I am back at Levy after a week or so in DC. Interesting meetings with Fed, Treasury and FDIC. They sure did not have high regards for the Volcker rule – which is sort of old news. The news are currently filled with news about Europe, but reading some of Paul Krugman’s older posts today on what Very Serious Persons said before the crisis, I found this hilarious quote from a 2005 speech by Greenspan:
Historically, banks have been at the forefront of financial intermediation, in part because their ability to leverage offers an efficient source of funding. But in periods of severe financial stress, such leverage too often brought down banking institutions and, in some cases, precipitated financial crises that led to recession or worse. But recent regulatory reform, coupled with innovative technologies, has stimulated the development of financial products, such as asset-backed securities, collateral loan obligations, and credit default swaps, that facilitate the dispersion of risk.
Conceptual advances in pricing options and other complex financial products, along with improvements in computer and telecommunications technologies, have significantly lowered the costs of, and expanded the opportunities for, hedging risks that were not readily deflected in earlier decades. The new instruments of risk dispersal have enabled the largest and most sophisticated banks, in their credit-granting role, to divest themselves of much credit risk by passing it to institutions with far less leverage. Insurance companies, especially those in reinsurance, pension funds, and hedge funds continue to be willing, at a price, to supply credit protection.
These increasingly complex financial instruments have contributed to the development of a far more flexible, efficient, and hence resilient financial system than the one that existed just a quarter-century ago.
This may look amazing today, as we have been through AIG, Lehman, Citi, and the rest. But the truth of the matter is that many, if not most policymakers (at least central bankers) at the time believed in this free market, flexible economy paradigm.
Krugman’s story reminded me of an IMF report back in 2005 that discussed financial stability issues and the need to educated the household sector so that they could take a more direct responsibility for their own financial future (read: manage their debt). Quote:
During the last 20 years or so, policymakers and standard setters in many industrialized countries have successfully implemented policies designed to improve the resiliency and stability of systemically important institutions, such as banks. To differing degrees, similar policies have been or are being designed to do the same with regard to insurers and, more importantly, to public and private pension systems. In numerous countries, in response to many of the public and private actions to de-risk banks, insurers, and pensions discussed in this and previous issues
of the GFSR, the financial risk profile of households is likely to be changing at this time. Overall, there has been a transfer of financial risk over a number of years, away from the banking sector to nonbanking sectors, be they financial or the household sector. This dispersion of risk has made the financial system more resilient, not the least because the household sector is acting more as a “shock absorber of last resort.” But at the same time, these new recipients of financial risks must learn how to manage the newly acquired risks.

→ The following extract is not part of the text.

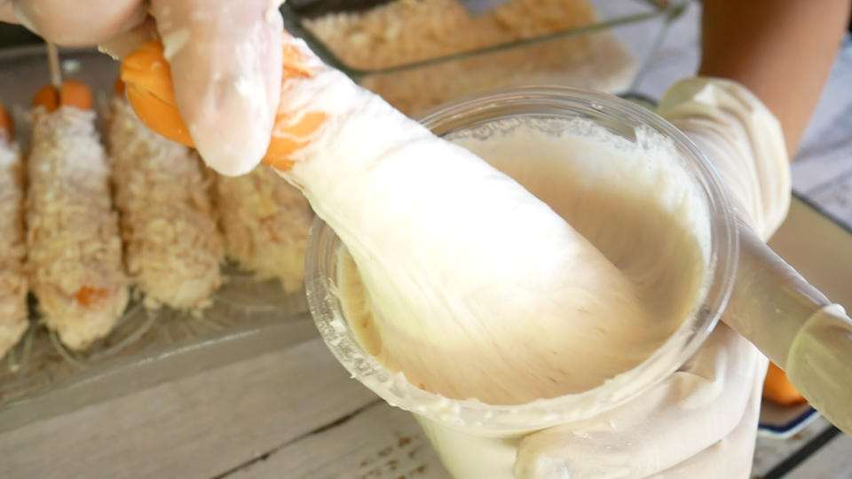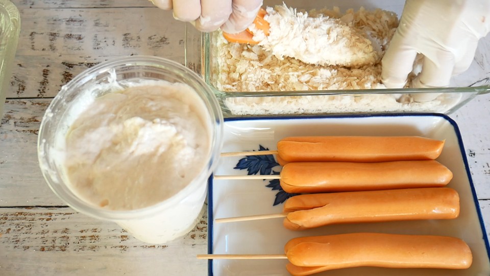 7. หลังจากนั้น นำฮอทดอกชุบลงในแป้ง แล้วก็ชุบเกร็ดขนมปัง ทำจนเสร็จ

OK, “made the system more resilient by transferring risk to non-bank sector”! Well, it turned out that risk transfer did not really make the system much more stable. And if you happen to be left in the household sector, your net worth (consolidated with your pension and insurance funds) have taken a real beating so far.
If anything, this should make some VSP (Very Serious Persons) a bit more humble about risk transfers and financial stability?